I held very still beneath his steady perusal, though my pulse raced tellingly between my ears. I understood that he’d meant the words to be calming, but they had the opposite effect.

Cletus Winston didn’t bluff. He didn’t exaggerate. He was quietly methodical, with stony focus and drive. He was dangerous. And, apparently, by some random unknown magic, I’d just managed to escape a future reckoning.

Thank. God.

“But back to the task at hand,” he said suddenly, making me jump, now all business. If he noticed my reaction, he made no sign, instead plowing ahead with his thoughts. “You want me to help you find a husband. I maintain helping you with this endeavor is impossible unless you become your true self, and that means something other than the Banana Cake Queen, and all the yellow that entails. Consequently, here is your first homework assignment: make a list of things you like to do."

“Homework?” I repeated dumbly.

Cletus nodded once and then turned.

Unthinkingly, I grabbed hold of his arm and held him in place. “Wait, what? Make a list of things I like to do?”
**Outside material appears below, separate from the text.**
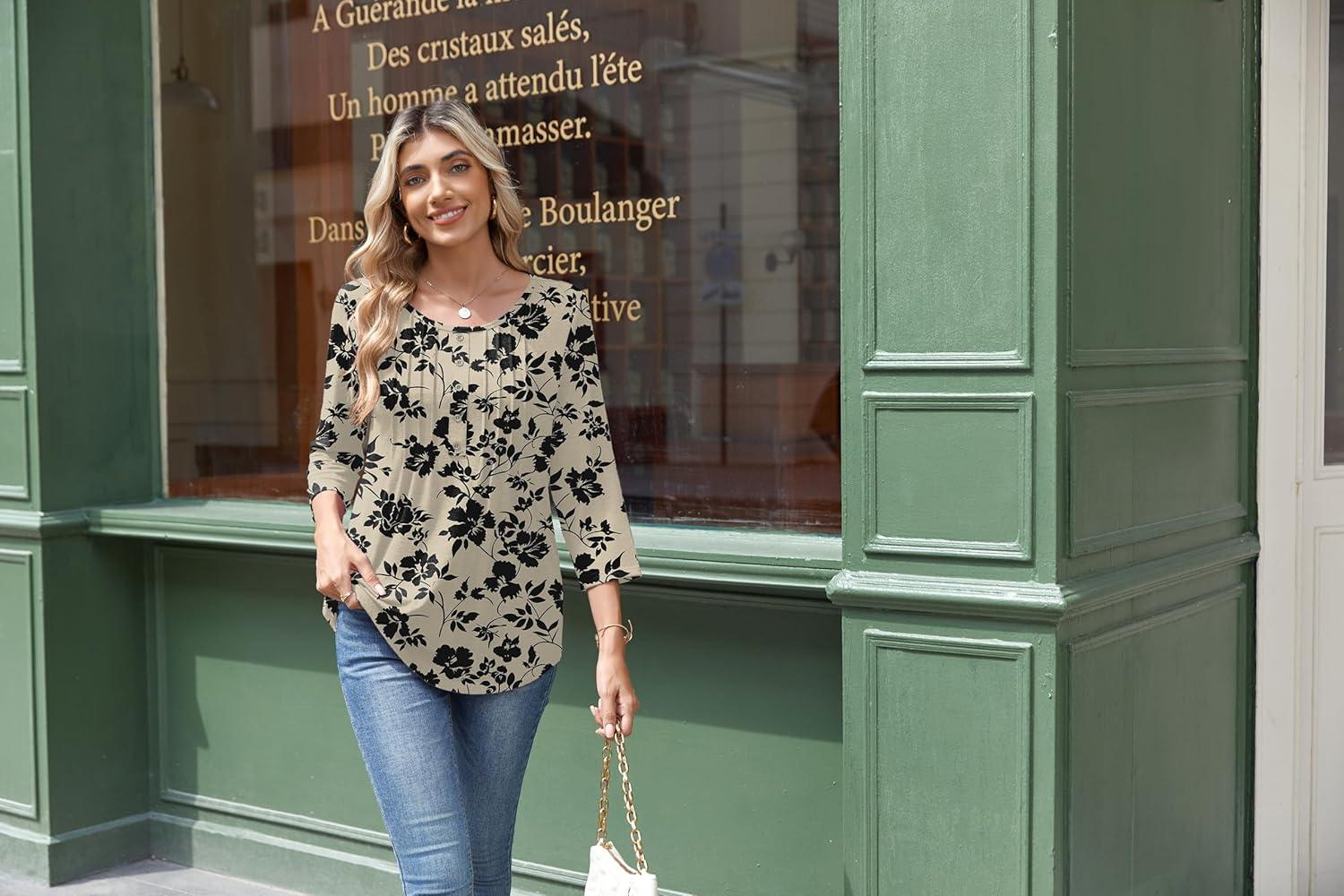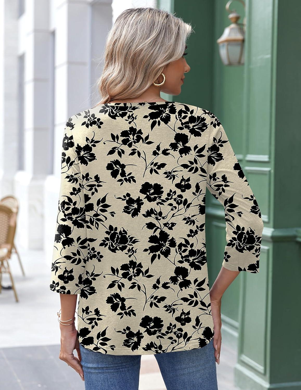 Zeagoo 3/4 Length Sleeve Womens Tops Round Neck Casual Summer Tunic Tops Basic Tees Blouses Dressy T-Shirts Pleated Shirts(Navy Floral)

“That's right. And we'll have to schedule a time to meet once a week for lessons.”

“Lessons?” I reared back.

“Yes. Lessons. You need lessons.”

“What kind of lessons?”

“How to be Jennifer Sylvester lessons.”


I lifted my chin. “I know how to be myself.”

“No, you don't.” He covered my hand with his and pried it from his arm, letting it drop.

“That’s ridicu—”

“Fridays are obviously out of the question, and I'd prefer a weeknight over a weekend. In a pinch we could meet during the day on Sunday. What days do you have off from the bakery?”

I gaped, blindsided by the direction of this conversation, and therefore could only answer his question with plain honestly. “I don't have a day off.”

“What? What do you mean you don't have a day off?”

“Just that. I start baking at three AM most mornings, and then if I don't have any special orders, I go home and sleep for a while. But I usually have special orders. And then we have parties most Fridays and Saturdays in the city.”

“You mean Knoxville?”

“Yes, or Nashville.”

“Why do you have to be there? Doesn't your momma have staff who can help?”

“Well, yes. But she likes me to—”

“Never mind. Don’t answer that.” He waved away my response, frowning again, looking and sounding dreadfully grumpy. “If you don’t have a day off, which day is slowest? When do you usually have a little free time?”